THE DATA |

%%

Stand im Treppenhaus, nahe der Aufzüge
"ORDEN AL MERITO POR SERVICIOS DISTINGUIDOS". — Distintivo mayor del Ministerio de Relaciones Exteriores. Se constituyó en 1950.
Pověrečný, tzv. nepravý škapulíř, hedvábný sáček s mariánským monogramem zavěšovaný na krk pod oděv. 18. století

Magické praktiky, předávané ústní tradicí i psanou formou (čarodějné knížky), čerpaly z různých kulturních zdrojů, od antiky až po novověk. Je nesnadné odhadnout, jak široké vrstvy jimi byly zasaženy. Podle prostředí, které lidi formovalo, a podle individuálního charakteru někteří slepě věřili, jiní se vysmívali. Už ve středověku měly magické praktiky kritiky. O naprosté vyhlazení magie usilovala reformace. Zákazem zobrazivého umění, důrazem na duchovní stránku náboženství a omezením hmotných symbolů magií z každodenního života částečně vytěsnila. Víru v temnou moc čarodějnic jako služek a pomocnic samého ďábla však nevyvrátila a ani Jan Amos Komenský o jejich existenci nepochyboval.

%%
%%

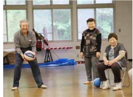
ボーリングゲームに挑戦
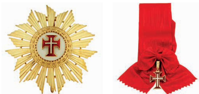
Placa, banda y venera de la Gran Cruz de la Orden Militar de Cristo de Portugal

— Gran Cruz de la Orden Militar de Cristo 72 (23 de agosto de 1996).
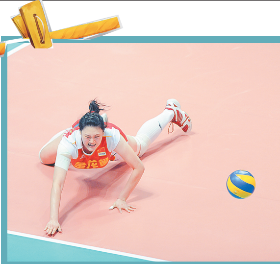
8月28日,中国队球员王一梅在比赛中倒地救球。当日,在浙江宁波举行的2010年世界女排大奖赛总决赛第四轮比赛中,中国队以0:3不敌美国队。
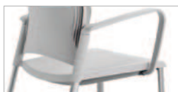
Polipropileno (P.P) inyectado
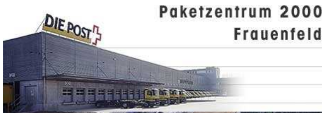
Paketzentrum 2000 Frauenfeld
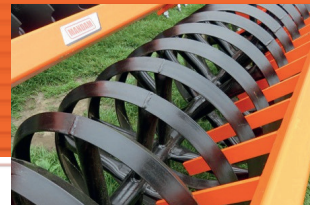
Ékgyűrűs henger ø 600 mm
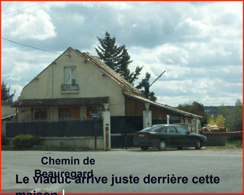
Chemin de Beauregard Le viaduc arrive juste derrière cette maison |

%%

AIM OF THE TASK | Copy the lines above exactly. Start with the line containing "constituyó en 1950.", end with the line containing "Pověrečný, tzv. nepravý", and include both.

SOLUTION FOR THIS PROBLEM |
"ORDEN AL MERITO POR SERVICIOS DISTINGUIDOS". — Distintivo mayor del Ministerio de Relaciones Exteriores. Se constituyó en 1950.
Pověrečný, tzv. nepravý škapulíř, hedvábný sáček s mariánským monogramem zavěšovaný na krk pod oděv. 18. století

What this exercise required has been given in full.